> Required action
Every line of the listing below is to be duplicated exactly, with the pictures left out.

> Given material

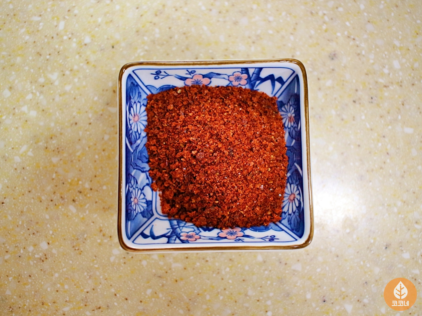 고춧가루가 뭉치지 않게 골고루 뒤적여 주시고요.
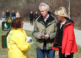 很多路人经过这里都停下了脚步,上前询问发生了什么事情。一对瑞典夫妇跟学员交谈了很久,他们说,我们每年都看到你们在这里,你们做得很对,得知中共对法轮功如此残酷的迫害已经十一个年头了还在继续,他们很是气愤。他们问我们能为你们做点什么来帮助你们?”最后他们表示要告诉更多的瑞典人这场发生在中国对人权的残酷迫害。
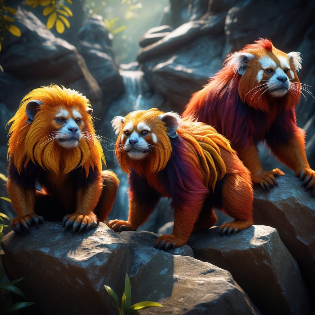 This image showcases a stunning, hyperrealistic creature design, blending the features of a golden Lion Tamarin, tiger, orangutan, and red panda. Set against a colorful, gradient background, the alien hybrid is posed on a rocky outcropping, bathed in dramatic side lighting. With intricate details, realis...
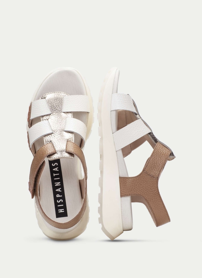 Discover effortless elegance with these contemporary women’s white platform sandals by Hispanitas. Designed with a refined mix of white leather, warm beige accents, and a subtle metallic detail, this model perfectly balances modern fashion and superior comfort.

> Exercise answer
 고춧가루가 뭉치지 않게 골고루 뒤적여 주시고요.
 很多路人经过这里都停下了脚步,上前询问发生了什么事情。一对瑞典夫妇跟学员交谈了很久,他们说,我们每年都看到你们在这里,你们做得很对,得知中共对法轮功如此残酷的迫害已经十一个年头了还在继续,他们很是气愤。他们问我们能为你们做点什么来帮助你们?”最后他们表示要告诉更多的瑞典人这场发生在中国对人权的残酷迫害。
 This image showcases a stunning, hyperrealistic creature design, blending the features of a golden Lion Tamarin, tiger, orangutan, and red panda. Set against a colorful, gradient background, the alien hybrid is posed on a rocky outcropping, bathed in dramatic side lighting. With intricate details, realis...
 Discover effortless elegance with these contemporary women’s white platform sandals by Hispanitas. Designed with a refined mix of white leather, warm beige accents, and a subtle metallic detail, this model perfectly balances modern fashion and superior comfort.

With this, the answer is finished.